Кстати, о каноне: показательно и то, что сегодня «событие», определяющее место произведения в литературной иерархии, составляет не выход книги и не отклик критики о ней, а наделение ее какой-нибудь премией, то есть совершенно внешнее и случайное событие.

«Я бы хотел провести вечерок и поболтать о всякой всячине «под водочку» с Маяковским, Высоцким, Довлатовым»

— Вы написали полную двухтомную историю русской литературы. Какие периоды в русской литературе нравятся вам самому?

— Мне нравятся все периоды в русской литературе, с Ломоносова до Трифонова. Решительно все, кроме современного. Что же касается авторов, я скажу, с кем из них я бы хотел провести вечерок и поболтать о всякой всячине «под водочку»: пожалуй, с Маяковским, Высоцким, Довлатовым. Лучше, если со всеми вместе... А если серьезно, поскольку мы мало говорили о лирике, хотелось бы все-таки сказать, что величайшим мировым лириком XX века считаю Осипа Мандельштама: такого чудовищного умения спрессовать вместе в почти нулевом пространстве потенциально бесконечное разнообразие смыслов я так и не обнаружил ни у кого.

— Почему вы выбрали темой своих исследований и преподавания русскую литературу?

— Причины моего выбора таятся в глубине времен... В 1981 году мой отец, убежденный коммунист, узнал, что советское посольство подбирает молодых итальянцев для состава международной делегации, и отправил меня, 12-летнего, в пионерский лагерь на Черном море.
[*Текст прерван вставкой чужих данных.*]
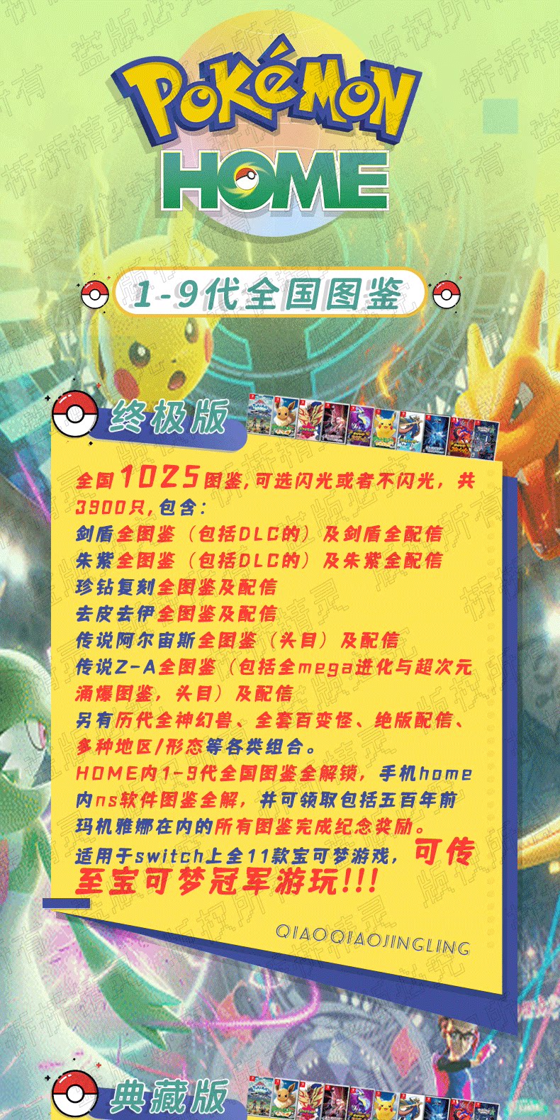 全 8591 首家 寶可夢朱紫ZA全圖鑑 pokemon home全精靈劍盾阿爾宙斯6V閃神獸定制 Pokémon HOME
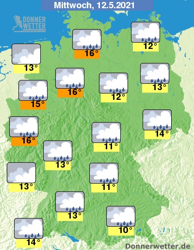 Heute halten sich im Land dichte Wolken, dabei fällt über der Südhälfte zeitweise, im übrigen Land fällt gelegentlich Regen. Die Temperatur steigt auf kühle 10 Grad in Berchtesgaden und bis 16 Grad im Norddeutschen Tiefland.
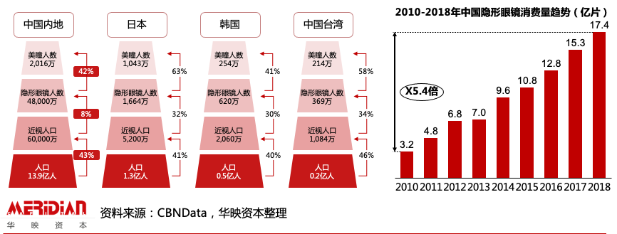 如果强调美瞳的医疗用品属性,美瞳作为视力矫正和替代框架眼镜的解决方案,在中国庞大的近视人群中,美瞳的渗透率仍有很大发展空间。据摩根斯坦利调研,中国是世界上视力矫正人口比例最高的国家,同时隐形眼镜配戴率仅有8%,远低于韩国(30%)、日本(32%)、中国台湾(34%),近视人群的美瞳需求仍待充分挖掘,未来想象力可观。
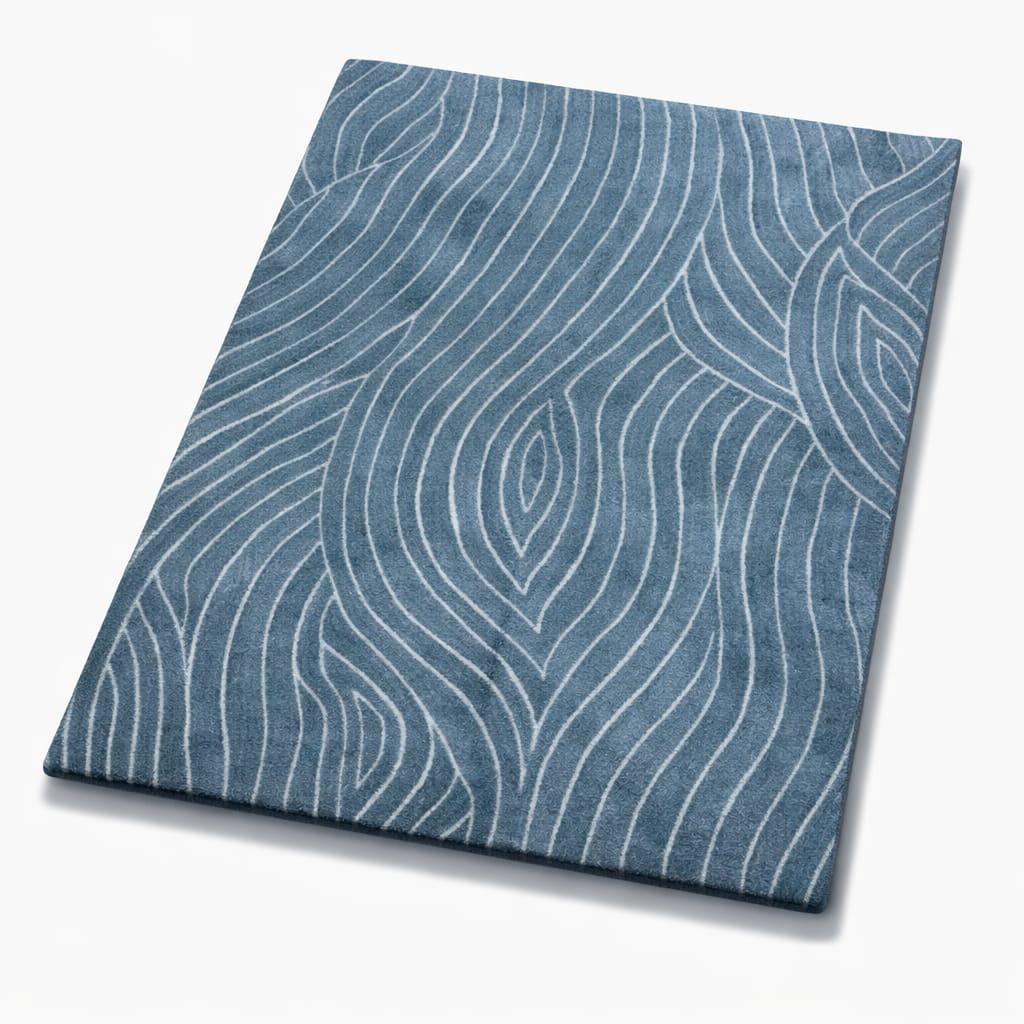 Hand Tufted Modern Blue Area Rug – Abstract Wave Living Room & Bedroom Décor

Я-то не говорил ни слова по-русски, но, как известно, в юном возрасте легко найти общий язык, и я в то лето нашел много друзей. По возвращении домой я хотел как-нибудь поддерживать связи, но переписка без языка — это вещь уж и впрямь невозможная, так что я стал потихоньку изучать русский язык. Ну и потом, как говорится, аппетит приходит во время еды...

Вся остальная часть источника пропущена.